Powerlifting and strongman training are popular sports in the fitness world. They both require strength, power, and determination. But what is the difference between the two and what is the best way to avoid injuries when you lift heavy stuff?
Derek Owens is the guest in this episode of Unleashed Podcast and he is here to answer these and many other questions. Derek has made the transition from powerlifting to a strongman competitor and has learned tons of valuable lessons along the way.
Derek and Greg McCoy are organizing the 13th Show of Strength soon at Hidden Gym, so if you are from Allen, Dallas, or Plano, make sure you don’t miss it!
He shares that this is going to be the biggest show they’ve had so far. There’s going to be a full-blown strongman competition and powerlifting competition this year with two platforms on the powerlifting show.
Furthermore, there are going to be many different divisions and anyone can have the opportunity to compete, no matter the weight, gender, size, or shape!
Here are some of the questions that Derek and host Yuri discuss in the podcast.
What are the divisions in strongman competition?
There are a couple of different ones but mainly they are divided into different weight classes. Within the weight classes, there’re even novice divisions as well as masters divisions. There’re masters 40+and 50+ so there’s an array of weight classes and different divisions that anybody can sign up for.

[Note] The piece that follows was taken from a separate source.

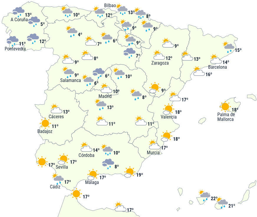 En koldfront, der er forbundet med Herminia-stormen, vil krydse halvøen i løbet af dagen og nå Middelhavet og De Baleariske Øer sidst på dagen.

What are the obstacles that competitors would have to overcome during the show?
Usually, when the show is being created it’s already clear what kind of events there will be. There can be a collection of different types of events from static deadlifts, to some types of moving events. However, in some shows, there can be a mystery event and it does keep a lot of competitors on their toes.
Unlike powerlifting, where the competition is always a squat, bench press, and deadlift, the strongman competition brings a lot of different aspects from different sports. Strongman requires competitors to be not only strong, but also dynamic, explosive, and fast.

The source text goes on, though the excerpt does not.